» **Records to use**
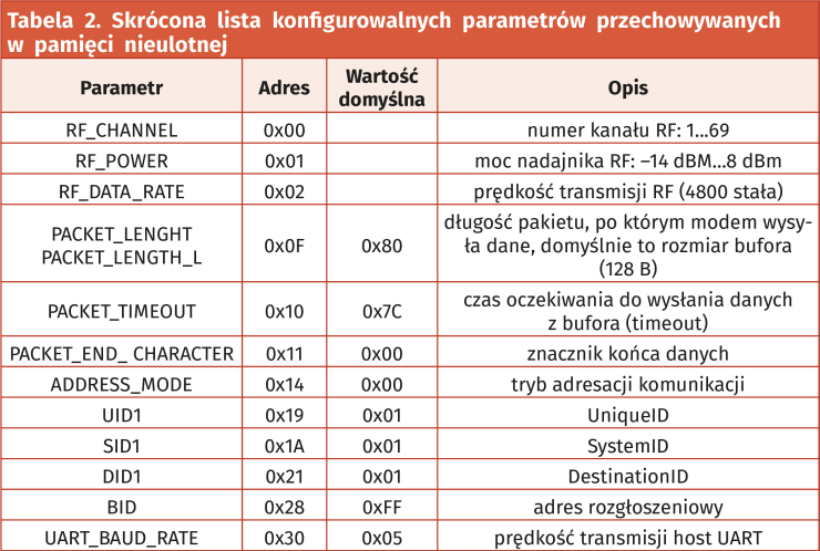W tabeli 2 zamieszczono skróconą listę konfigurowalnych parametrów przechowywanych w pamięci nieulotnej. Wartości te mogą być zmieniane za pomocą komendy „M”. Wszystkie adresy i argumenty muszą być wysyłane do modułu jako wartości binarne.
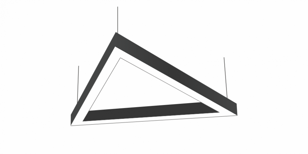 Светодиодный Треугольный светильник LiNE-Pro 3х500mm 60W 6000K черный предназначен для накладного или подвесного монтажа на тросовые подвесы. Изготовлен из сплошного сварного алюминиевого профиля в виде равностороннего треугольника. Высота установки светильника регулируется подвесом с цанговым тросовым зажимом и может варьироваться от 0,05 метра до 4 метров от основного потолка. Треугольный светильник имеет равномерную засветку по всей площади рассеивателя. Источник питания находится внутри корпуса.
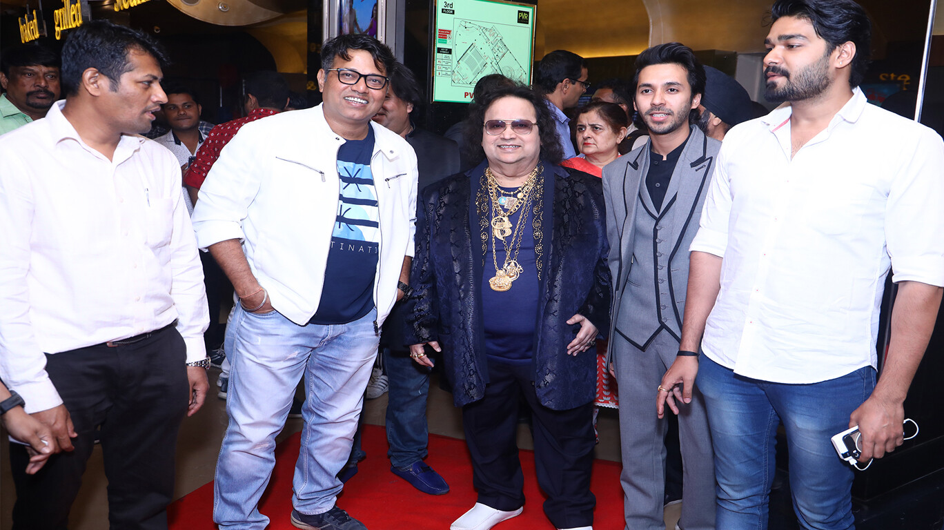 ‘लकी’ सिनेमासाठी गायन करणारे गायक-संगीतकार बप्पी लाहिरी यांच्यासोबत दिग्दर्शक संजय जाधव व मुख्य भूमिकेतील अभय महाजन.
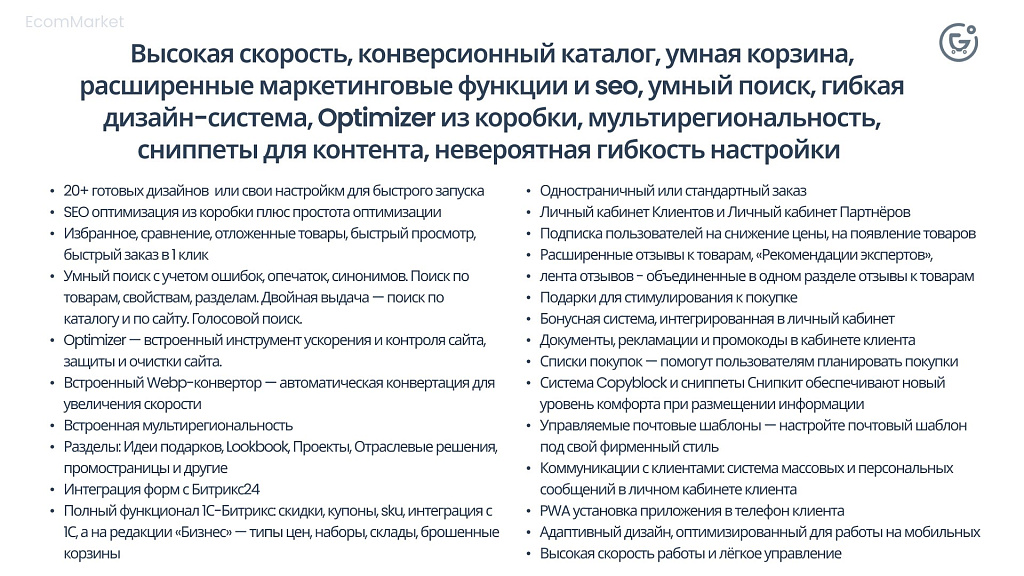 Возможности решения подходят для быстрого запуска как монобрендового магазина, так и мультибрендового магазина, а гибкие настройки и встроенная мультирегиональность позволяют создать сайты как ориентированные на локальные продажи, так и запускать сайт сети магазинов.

...

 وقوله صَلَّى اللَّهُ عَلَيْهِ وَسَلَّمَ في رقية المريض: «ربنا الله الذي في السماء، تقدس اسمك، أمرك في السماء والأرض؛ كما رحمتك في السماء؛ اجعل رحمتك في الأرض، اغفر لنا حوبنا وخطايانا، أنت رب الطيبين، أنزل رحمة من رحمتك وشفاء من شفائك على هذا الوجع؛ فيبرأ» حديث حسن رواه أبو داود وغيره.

---

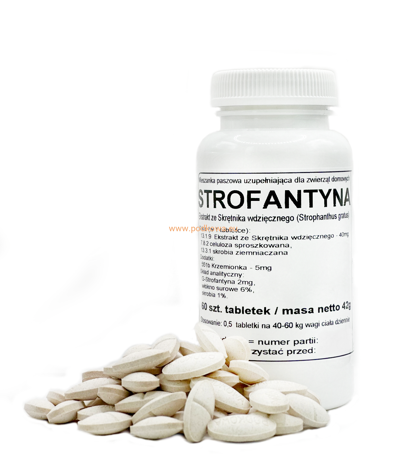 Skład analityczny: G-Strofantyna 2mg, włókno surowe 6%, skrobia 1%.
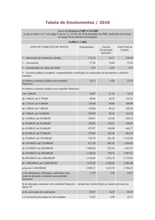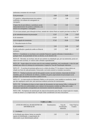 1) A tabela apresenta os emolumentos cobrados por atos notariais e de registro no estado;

» **What you are asked to do**
What you write must match the listing exactly, from the line with "भूमिकेतील अभय महाजन." up to and including the line with "Возможности решения подходят". Pictures stay out.

» **Task response**
 ‘लकी’ सिनेमासाठी गायन करणारे गायक-संगीतकार बप्पी लाहिरी यांच्यासोबत दिग्दर्शक संजय जाधव व मुख्य भूमिकेतील अभय महाजन.
 Возможности решения подходят для быстрого запуска как монобрендового магазина, так и мультибрендового магазина, а гибкие настройки и встроенная мультирегиональность позволяют создать сайты как ориентированные на локальные продажи, так и запускать сайт сети магазинов.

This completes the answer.